▶ [WORK INSTRUCTIONS]
For this exercise, return only the lines in the records below from the one holding "考虑到高频下稳定工作以及超频" through the one holding "गया. बिहार लोक", including both, exactly as they appear and without pictures.

▶ [RECORDS SUPPLIED]

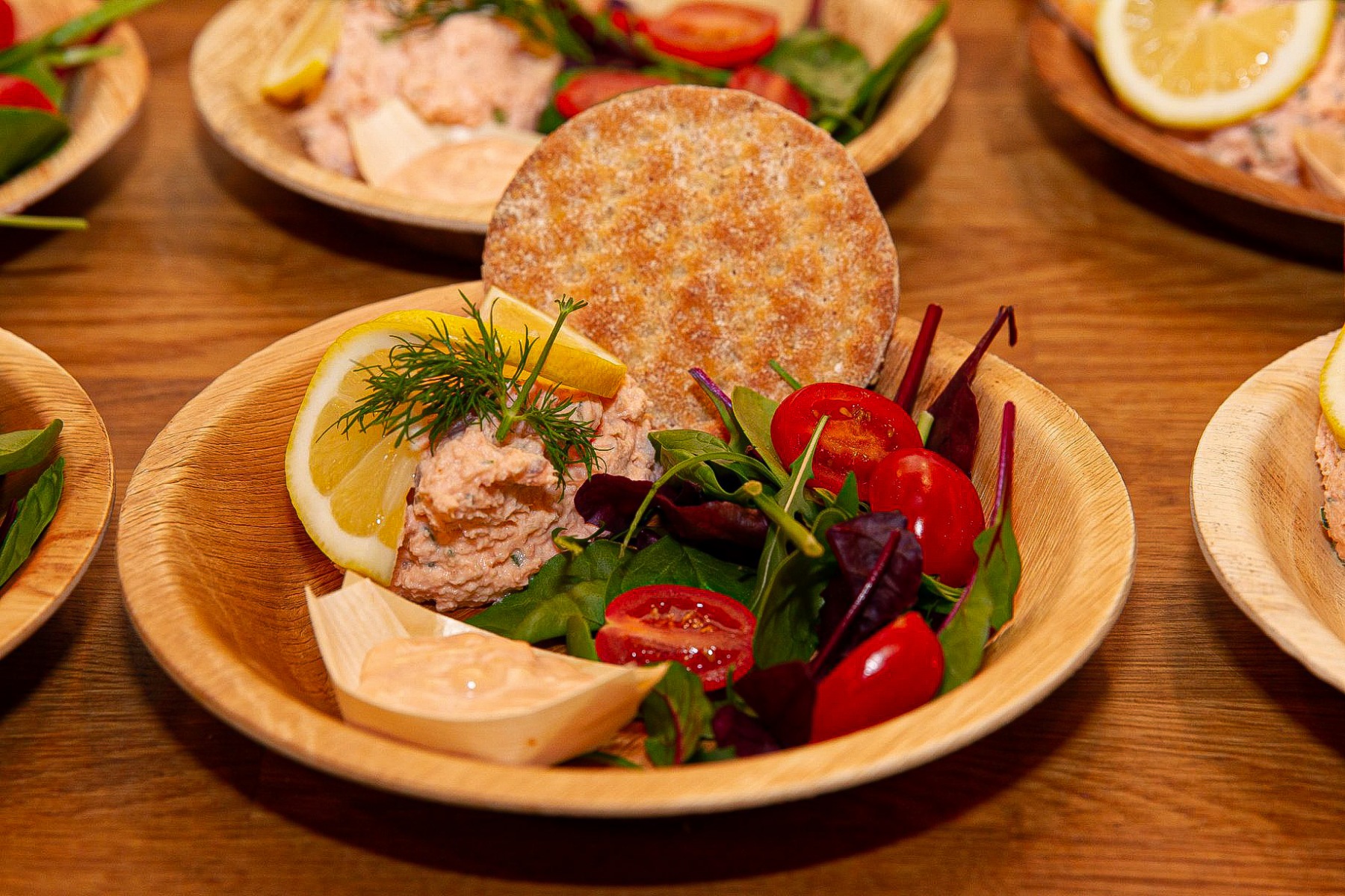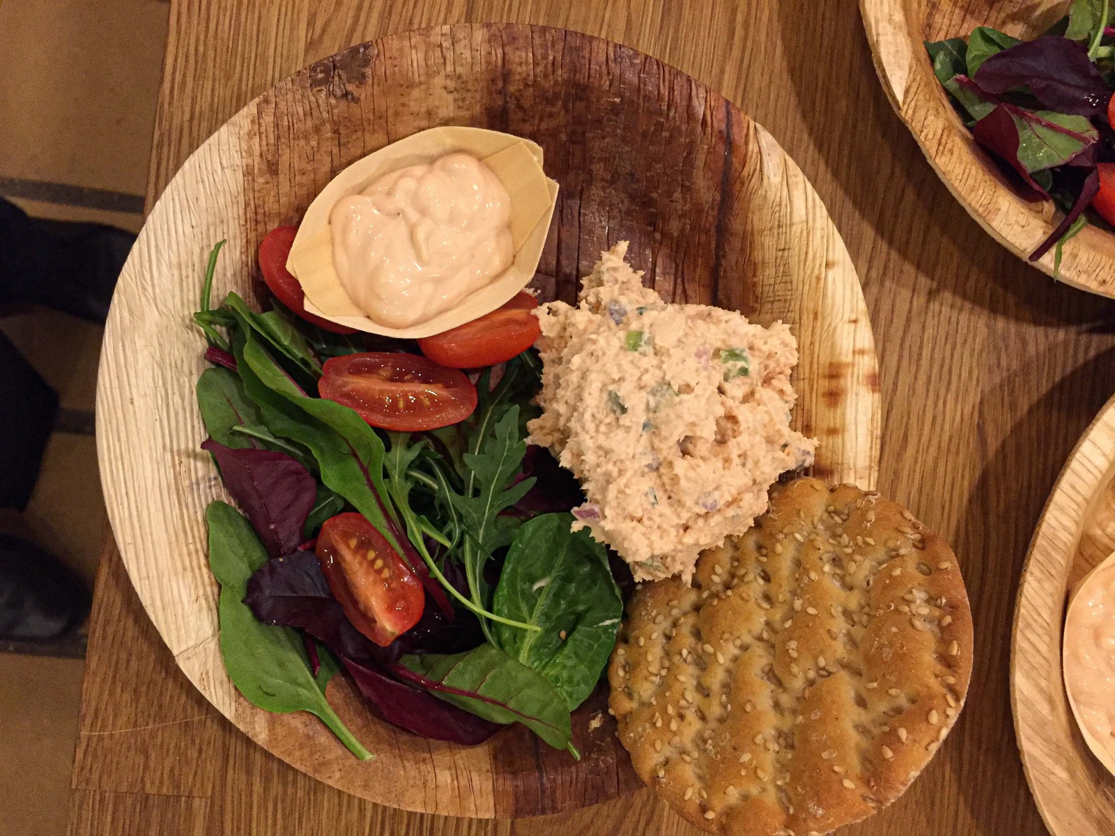 Laksemousse med grønt, dressing samt noget brød-kikse-agtigt.
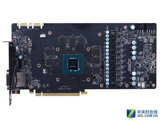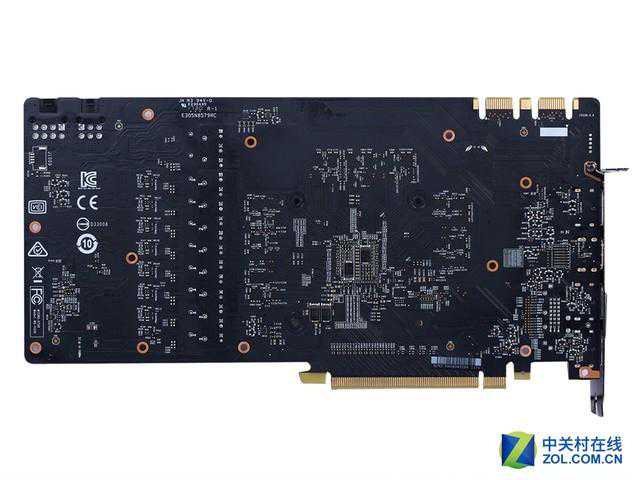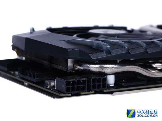 考虑到高频下稳定工作以及超频的需要,微星GTX1070TiTitanium钛金版显卡配备的是8+6pin供电,不同于公版的8pin设计,能够为显卡额外提供75w的电力,而且卡口朝向PCB背面,方便电源线插拔。
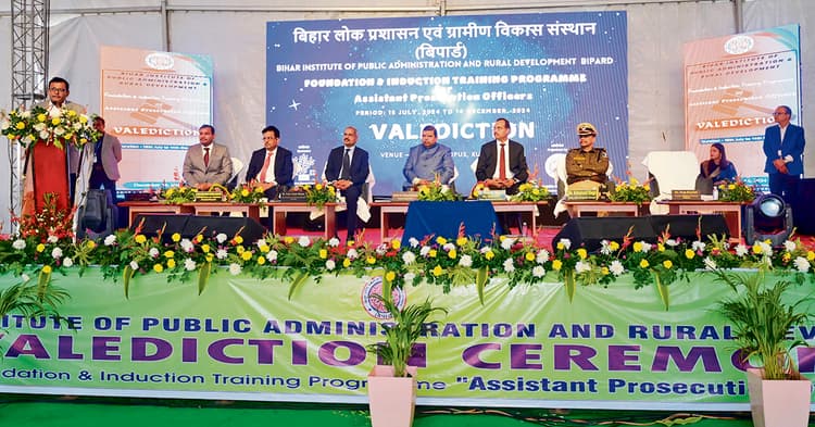 गया. बिहार लोक प्रशासन एवं ग्रामीण विकास संस्थान (बिपार्ड) ने बिहार लोक सेवा आयोग द्वारा चयनित सहायक अभियोजन पदाधिकारियों के लिए आधारभूत व प्रारंभिक प्रशिक्षण कार्यक्रम का सफलतापूर्वक समापन शनिवार को किया. इस दौरान 495 पदाधिकारियों ने प्रशिक्षण पूर्ण किया. समापन समारोह के मुख्य अतिथि के रूप में पटना उच्च न्यायालय के जज डॉ अंशुमन शामिल हुए. वहीं बिपार्ड के अपर महानिदेशक सह मगध आयुक्त प्रेम सिंह मीणा, आइजी क्षत्रनिल सिंह, गृह विभाग के सचिव प्रणव कुमार, सुधांशु कुमार चौबे भी उपस्थित थे. यह प्रशिक्षण कार्यक्रम पांच महीने पहले शुरू हुआ था. प्रारंभ में 503 पदाधिकारियों को आधारभूत पाठ्यक्रम में और बाद में 10 पदाधिकारियों को प्रारंभिक पाठ्यक्रम में भाग लेने का अवसर मिला. गहन और समग्र प्रशिक्षण ने आपराधिक कानून, न्याय वितरण प्रणाली और नये आपराधिक कानूनों के विभिन्न पहलुओं की गहन जानकारी प्रदान की. पाठ्यक्रम में विशेष विभागीय प्रशिक्षण के साथ-साथ भारतीय प्रबंधन संस्थान बोधगया, भारतीय प्रौद्योगिकी संस्थान (आइआइटी) कानपुर, केरल न्यायिक एकेडमी, सीबीआइ एकेडमी, पुलिस अनुसंधान और विकास ब्यूरो और राष्ट्रीय अपराध रिकॉर्ड ब्यूरो जैसे प्रमुख संस्थानों द्वारा साप्ताहिक प्रशिक्षण सत्र भी शामिल थे. प्रशिक्षण की एक प्रमुख विशेषता “जीविका ” के सहयोग से आयोजित ग्रामीण इमरशन कार्यक्रम था, जिसका उद्देश्य जमीनी स्तर की समझ को बढ़ावा देना था.
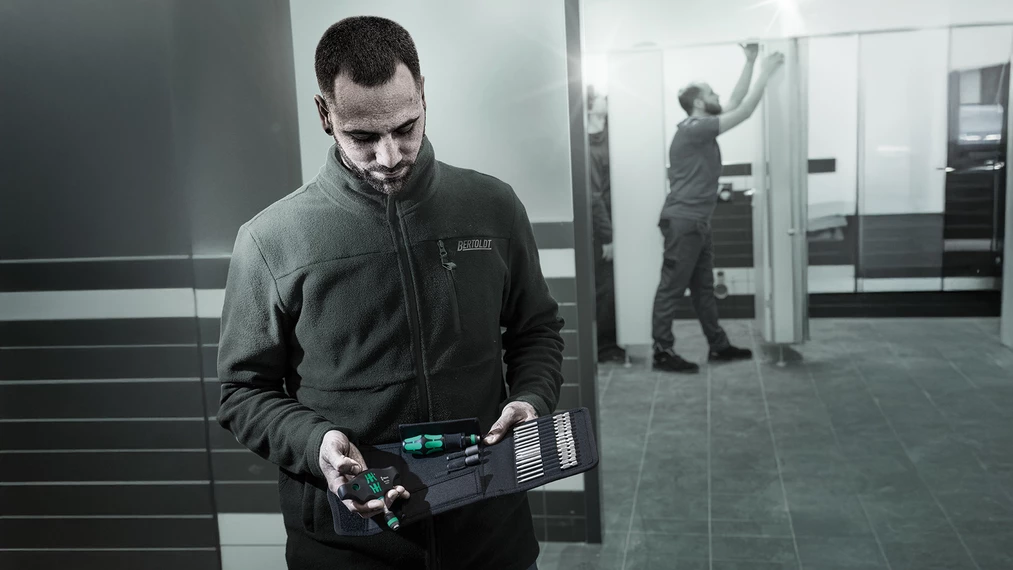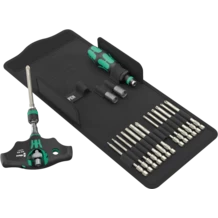 Jeu de 18 pièces dans une housse textile robuste. 1 manche en T 416 RA avec fonction cliquet et mandrin à serrage rapide Rapidaptor pour embouts 1/4". Le cliquet intégré à fine denture (80 dents/angle de reprise de 4,5°) simplifie et accélère le vissage. Plus besoin de désengager et repositionner l'outil. Le mécanisme de cliquet entièrement intégré dans le manche rend l'outil très pratique et le travail agréable. Avec levier d'inversion pour changer facilement de sens droite/gauche en un seul geste. La forme ergonomique du manche épouse bien la forme de la paume. Les doigts sont calés dans les arrondis. La main entière est en contact avec le manche, les déperditions par friction entre la main et le manche sont évitées. Porte-embouts pour embouts à emmanchement hexagonal 1/4" selon DIN ISO 1173-C 6,3 et E 6,3. Avec technologie Rapidaptor pour un changement ultrarapide des embouts. 14 embouts extra-rigides, ¼", 89 mm de long, à usage universel. 2 douilles pour vis en version magnétique : pour un positionnement plus facile des embouts.
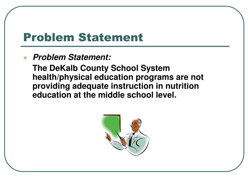 Problem Statement • Problem Statement: The DeKalb County School System health/physical education programs are not providing adequate instruction in nutrition education at the middle school level.
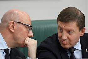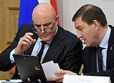 Meeting of the Council for the Development of the Digital Economy on the topic "Scientific and educational policy and training in the era of the digital economy" in the Federation Council of Russia. Chairman of the Russian State Duma Committee on Information Policy, Information Technologies and Communications Alexander Khinshtein (right) and manager of the Informatization Coordination Department of the Russian Ministry of Telecom and Mass Communications Nikolai Yatselenko (left) before the meeting.
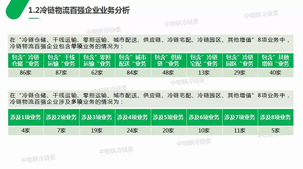 2018年冷鏈物流百強(qiáng)企業(yè)中業(yè)務(wù)著重布局的前三名分別是:干線運(yùn)輸、冷鏈倉儲(chǔ)、城市配送,開展冷鏈宅配、冷鏈園區(qū)業(yè)務(wù)的百強(qiáng)企業(yè)較少。同時(shí),可以看出當(dāng)前單一業(yè)務(wù)類型的冷鏈物流企業(yè)數(shù)量極少,大部分冷鏈物流企業(yè)涉及3-5項(xiàng)業(yè)務(wù),涉及業(yè)務(wù)類型多元,紛紛向綜合冷鏈物流服務(wù)企業(yè)轉(zhuǎn)型,未來冷鏈物流發(fā)展將向供應(yīng)鏈方向邁進(jìn)。
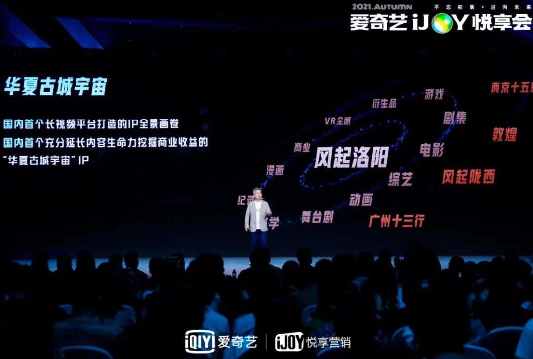 ▲爱奇艺PCG总裁兼首席内容官王晓晖介绍“华夏古城宇宙”系列IP
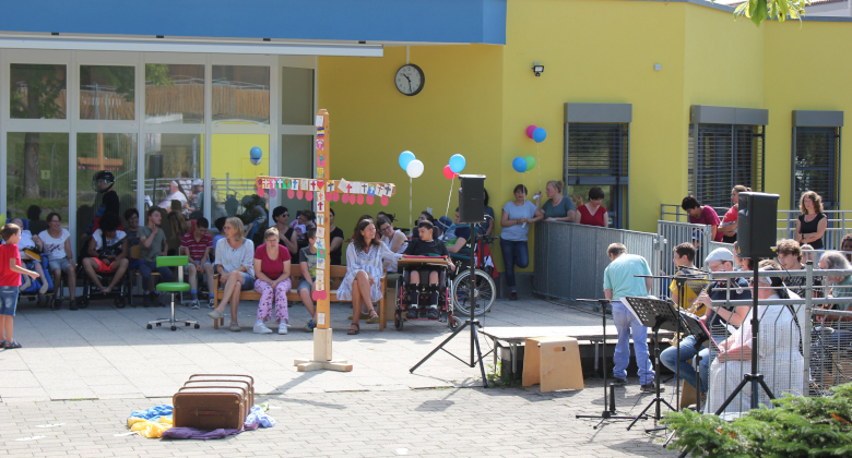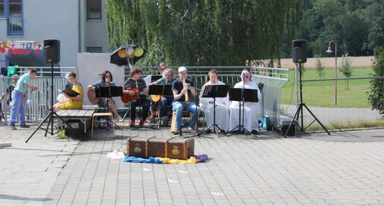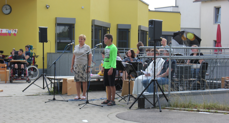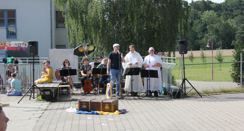 Am letzten Schultag wurde auf dem Pausenhof ein gemeinsamer Abschlussgottesdienst für die Schulgemeinschaft gehalten. Gleichzeitig wurden auch die Entlassschüler verabschiedet. Mit der Frage „Was bleibt zurück, wenn ihr jetzt in eine neue Zukunft geht“ wurde nochmals über das vergangene Schuljahr nachgedacht und überlegt, welche Spuren der Scheidenden bei uns in Erinnerung bleiben. Die Schüler bekamen einen kleinen Brief mit der Geschichte „Spuren im Sand“ und einem Segensspruch. Anschließend durften sie Luftballone mit ihrem Namen in den Himmel steigen lassen. Unsere ukrainischen Gäste, die ebenfalls mitfeierten, sangen ein Lied aus ihrer Heimat und wir konnten die Sehnsucht heraushören, dass sie Heimweh danach haben.

▶ [ANSWER FOR THIS EXERCISE]
 考虑到高频下稳定工作以及超频的需要,微星GTX1070TiTitanium钛金版显卡配备的是8+6pin供电,不同于公版的8pin设计,能够为显卡额外提供75w的电力,而且卡口朝向PCB背面,方便电源线插拔。
 गया. बिहार लोक प्रशासन एवं ग्रामीण विकास संस्थान (बिपार्ड) ने बिहार लोक सेवा आयोग द्वारा चयनित सहायक अभियोजन पदाधिकारियों के लिए आधारभूत व प्रारंभिक प्रशिक्षण कार्यक्रम का सफलतापूर्वक समापन शनिवार को किया. इस दौरान 495 पदाधिकारियों ने प्रशिक्षण पूर्ण किया. समापन समारोह के मुख्य अतिथि के रूप में पटना उच्च न्यायालय के जज डॉ अंशुमन शामिल हुए. वहीं बिपार्ड के अपर महानिदेशक सह मगध आयुक्त प्रेम सिंह मीणा, आइजी क्षत्रनिल सिंह, गृह विभाग के सचिव प्रणव कुमार, सुधांशु कुमार चौबे भी उपस्थित थे. यह प्रशिक्षण कार्यक्रम पांच महीने पहले शुरू हुआ था. प्रारंभ में 503 पदाधिकारियों को आधारभूत पाठ्यक्रम में और बाद में 10 पदाधिकारियों को प्रारंभिक पाठ्यक्रम में भाग लेने का अवसर मिला. गहन और समग्र प्रशिक्षण ने आपराधिक कानून, न्याय वितरण प्रणाली और नये आपराधिक कानूनों के विभिन्न पहलुओं की गहन जानकारी प्रदान की. पाठ्यक्रम में विशेष विभागीय प्रशिक्षण के साथ-साथ भारतीय प्रबंधन संस्थान बोधगया, भारतीय प्रौद्योगिकी संस्थान (आइआइटी) कानपुर, केरल न्यायिक एकेडमी, सीबीआइ एकेडमी, पुलिस अनुसंधान और विकास ब्यूरो और राष्ट्रीय अपराध रिकॉर्ड ब्यूरो जैसे प्रमुख संस्थानों द्वारा साप्ताहिक प्रशिक्षण सत्र भी शामिल थे. प्रशिक्षण की एक प्रमुख विशेषता “जीविका ” के सहयोग से आयोजित ग्रामीण इमरशन कार्यक्रम था, जिसका उद्देश्य जमीनी स्तर की समझ को बढ़ावा देना था.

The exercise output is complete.